Tram route 19, which runs from Bakers Road in Coburg North to Flinders Street station in the city runs the entire length of Royal Parade on part of its route. Bus routes 505 (Moonee Ponds Junction to Melbourne University) and 546 (Heidelberg to Melbourne University) use Royal Parade. Historically part of the Hume Highway from Melbourne to Sydney, it used to be signed as National Highway 31, but since the opening of the Craigieburn Bypass in 2005 this section was replaced with Metropolitan Route 55.

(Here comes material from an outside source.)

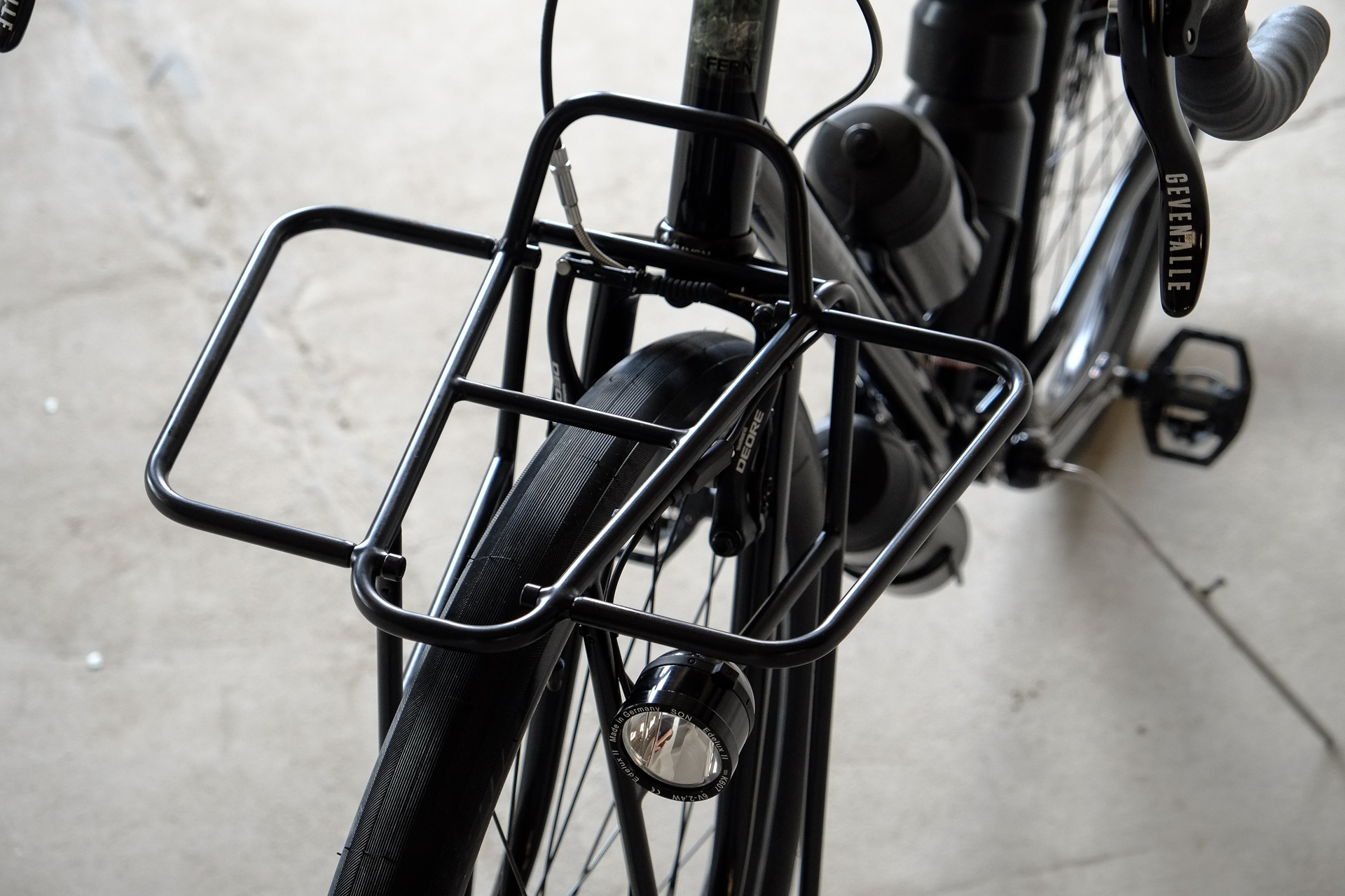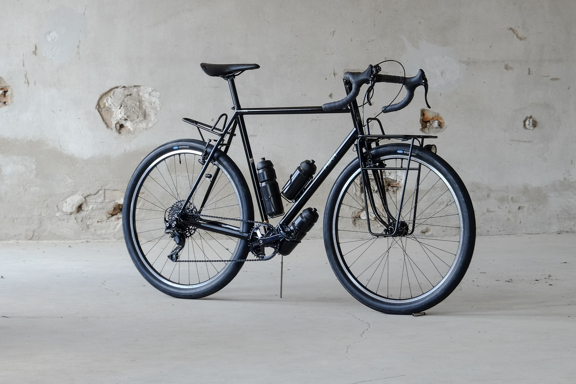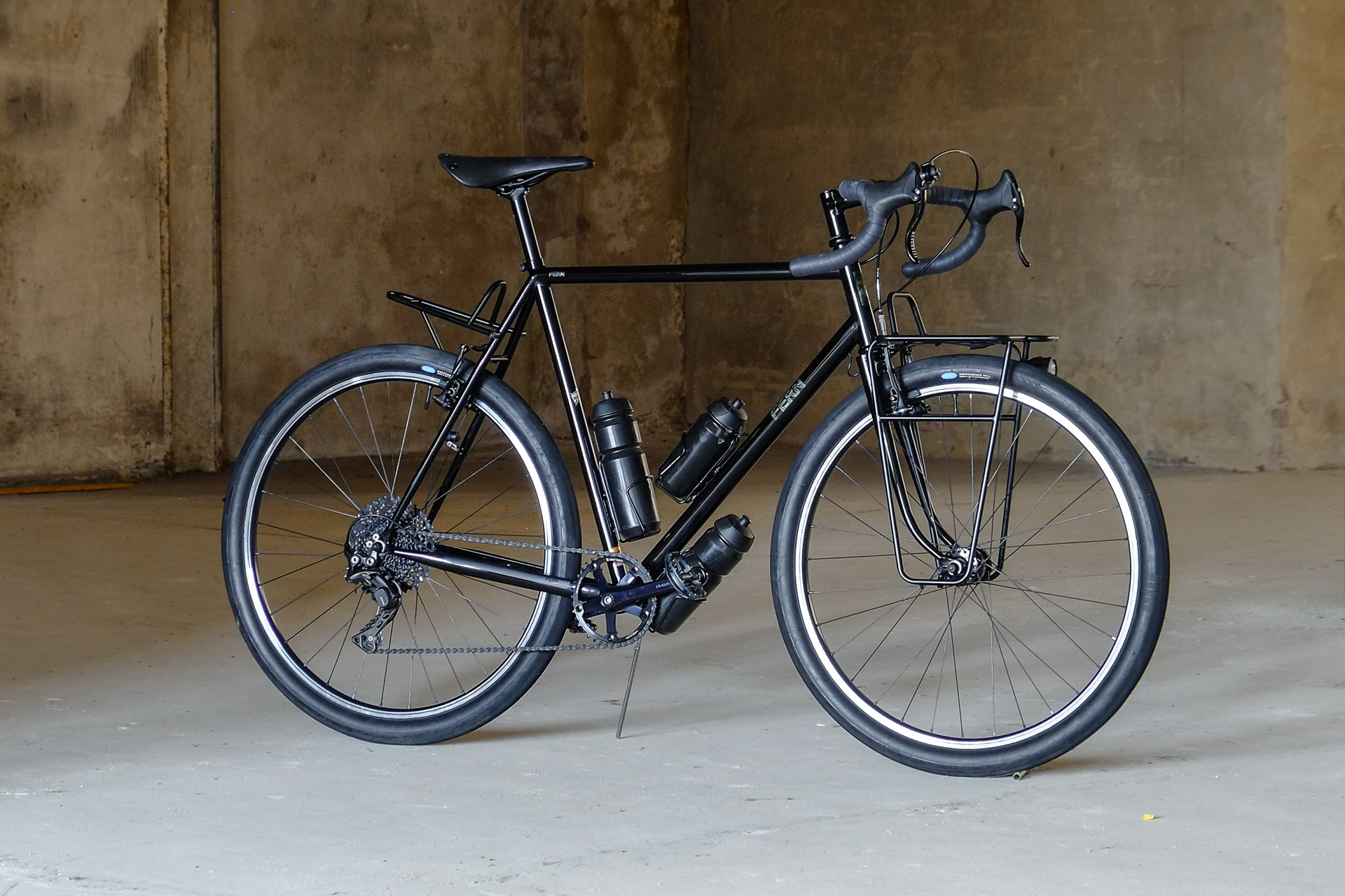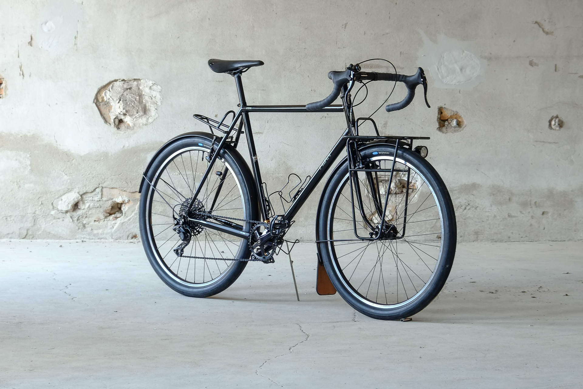 This aweseome steed we created for my man Valentin and is the newest addition to our line up of custom bikes, being a crossbreed of our infamous Chacha touring bike and the 650B Chuck allroadbike. Fully euipped with almost every Gramm bag available, you have ample room for whatever you need on long rides through the wild east. Supple galopping on Rene Herese Switchback Hill 48mm shoes, no matter if you're gravel riding through the prairie or back on smooth roads, you'll always be faster then the rest of the herd. The bike is equipped with a Gevenalle powered 1x11 Shimano drivetrain turned by a Wolftooth chainring mounted to a vintage custom anodized Dura Ace 7400 crankset. Fenders made by our friends at Cycles Berthoud, super comfy contact points by Brooks and ESI. Lights and power supply as usual by SON, Schmidt's Original Nabendynamo. Stems and racks are all made by Fern. Deep black fur made by our man Robert from Velociao . I can already see you riding into the sunset Valentin !

==History and development==
Originally following the stock-route bearing north out of the settlement of Melbourne in the 1830s, the "Sydney road" that wound through what is now Princes Park was aligned in about 1852 along the north-south datum line established by surveyor Robert Hoddle. With the founding of the University of Melbourne in the 1850s, the roads of Parkville became more formalised, but the road's poor state of repair was a constant concern, even after its upkeep was put in the hands of the City in 1865 with the costs subsidised from the toll paid for users of the road further out in Brunswick.

Initially part of Royal Park, sections of land on the western side of Royal Parade were progressively sold for housing, commencing in 1868. A Crown covenant was enacted in 1870, regulating such aspects as the height and position of the houses in the northern sections of Royal Parade. The covenant was annulled in 1972.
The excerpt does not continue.